* **TASK TO COMPLETE**:
Pictures are to be left out. Return exactly the lines below from the one with "XX生态农业公司党委书记学习党的二十届四中全会精神的心得体会1" up to and including the one with "Perhaps I was".

* **SUPPLIED MATERIAL**:
Start of Block

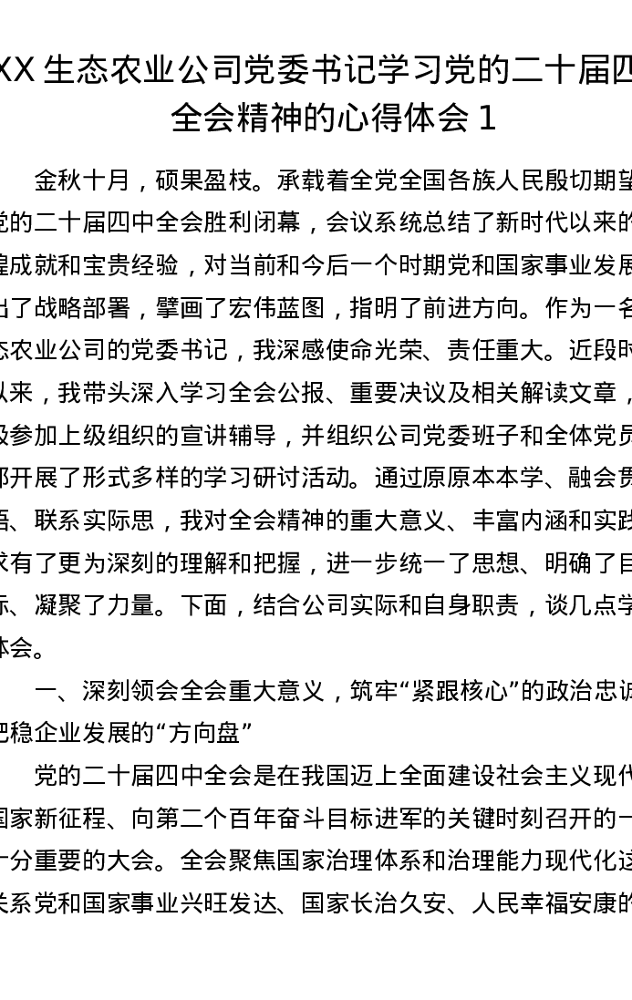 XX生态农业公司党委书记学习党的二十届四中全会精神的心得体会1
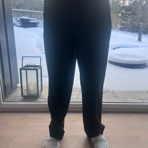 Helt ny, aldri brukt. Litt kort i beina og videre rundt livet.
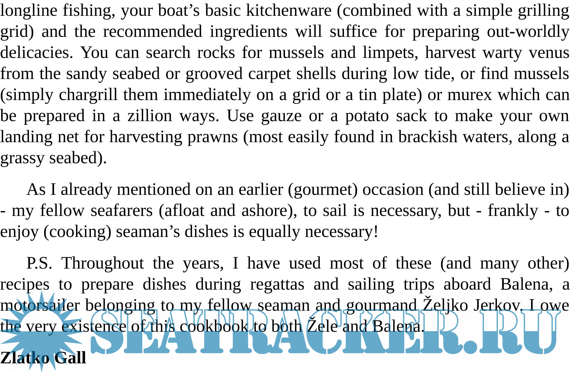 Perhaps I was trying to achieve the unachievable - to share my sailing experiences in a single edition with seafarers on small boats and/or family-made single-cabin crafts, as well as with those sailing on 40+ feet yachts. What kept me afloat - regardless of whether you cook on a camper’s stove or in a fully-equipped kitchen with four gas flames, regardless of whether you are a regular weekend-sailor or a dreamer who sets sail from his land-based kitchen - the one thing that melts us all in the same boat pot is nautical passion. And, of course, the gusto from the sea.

End of Block
Start of Block

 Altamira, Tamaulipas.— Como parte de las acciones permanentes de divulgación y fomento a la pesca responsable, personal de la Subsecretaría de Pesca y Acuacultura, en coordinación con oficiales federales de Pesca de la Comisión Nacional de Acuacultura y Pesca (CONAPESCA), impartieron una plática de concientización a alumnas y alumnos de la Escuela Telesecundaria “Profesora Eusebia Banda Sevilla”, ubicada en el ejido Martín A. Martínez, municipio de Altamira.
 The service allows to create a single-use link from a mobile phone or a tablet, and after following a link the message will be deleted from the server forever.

End of Block

* **YOUR RESPONSE**:
 XX生态农业公司党委书记学习党的二十届四中全会精神的心得体会1
 Helt ny, aldri brukt. Litt kort i beina og videre rundt livet.
 Perhaps I was trying to achieve the unachievable - to share my sailing experiences in a single edition with seafarers on small boats and/or family-made single-cabin crafts, as well as with those sailing on 40+ feet yachts. What kept me afloat - regardless of whether you cook on a camper’s stove or in a fully-equipped kitchen with four gas flames, regardless of whether you are a regular weekend-sailor or a dreamer who sets sail from his land-based kitchen - the one thing that melts us all in the same boat pot is nautical passion. And, of course, the gusto from the sea.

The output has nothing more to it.